> [Requirement]:
Reproduce every line of the material below, but drop the pictures.

> [Collected data]:

•••

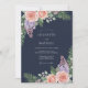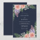 Denna design har en djup mörkblå bakgrund som kontrasteras av ömtåliga persikoröda rosor och klasar av lila syren. Frodiga gröna tallgrenar och yppig lövverk ger en naturlig touch till den vinterinspirerade färgpaletten. Den övergripande stämningen är sofistikerad och romantisk, perfekt för en säsongsbetonad kallvädersceremoni.
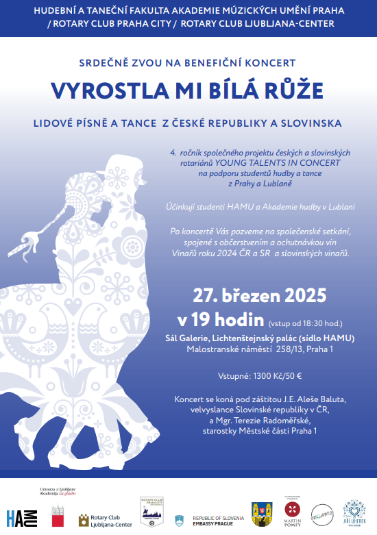 HUDEBNÍ A TANEČNÍ FAKULTA AKADEMIE MÚZICKÝCH UMĚNÍ PRAHA/ ROTARY CLUB PRAHA CITY / ROTARY CLUB LJUBLJANA-CENTER VÁS SRDEČNĚ ZVOU NA BENEFIČNÍ KONCERT VYROSTLA MI BÍLÁ RŮŽE LIDOVÉ PÍSNĚ A TANCE Z ČESKÉ REPUBLIKY A SLOVINSKA.
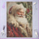 Santa Claus with holly decoupage sheet, festive red coat Christmas artwork, snowy background holiday crafting paper, RHDesigns seasonal ePaper for sale, joyful Santa Claus portrait design, handmade Christmas decor supply item, decorated tree mixed media surface, classic red hat Santa image, winter wonder holiday printable sheet, painterly Santa Claus collage art.
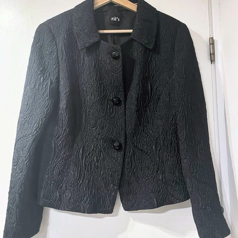 Musta laadukas Rils bleiseri. Ei uudelle kalpene. Löytyy Porvoosta, kulkeutuu omien menojen mukana Helsinki Puistolaan. Pikkujoulut. Pikkutakki. Tämä on ihan tasaisen syvämusta (kamera ja/tai aurinko valehtelee eli haalentaa kuvissa) Postitus +8€

•••

> [Answer section]:
 Denna design har en djup mörkblå bakgrund som kontrasteras av ömtåliga persikoröda rosor och klasar av lila syren. Frodiga gröna tallgrenar och yppig lövverk ger en naturlig touch till den vinterinspirerade färgpaletten. Den övergripande stämningen är sofistikerad och romantisk, perfekt för en säsongsbetonad kallvädersceremoni.
 HUDEBNÍ A TANEČNÍ FAKULTA AKADEMIE MÚZICKÝCH UMĚNÍ PRAHA/ ROTARY CLUB PRAHA CITY / ROTARY CLUB LJUBLJANA-CENTER VÁS SRDEČNĚ ZVOU NA BENEFIČNÍ KONCERT VYROSTLA MI BÍLÁ RŮŽE LIDOVÉ PÍSNĚ A TANCE Z ČESKÉ REPUBLIKY A SLOVINSKA.
 Santa Claus with holly decoupage sheet, festive red coat Christmas artwork, snowy background holiday crafting paper, RHDesigns seasonal ePaper for sale, joyful Santa Claus portrait design, handmade Christmas decor supply item, decorated tree mixed media surface, classic red hat Santa image, winter wonder holiday printable sheet, painterly Santa Claus collage art.
 Musta laadukas Rils bleiseri. Ei uudelle kalpene. Löytyy Porvoosta, kulkeutuu omien menojen mukana Helsinki Puistolaan. Pikkujoulut. Pikkutakki. Tämä on ihan tasaisen syvämusta (kamera ja/tai aurinko valehtelee eli haalentaa kuvissa) Postitus +8€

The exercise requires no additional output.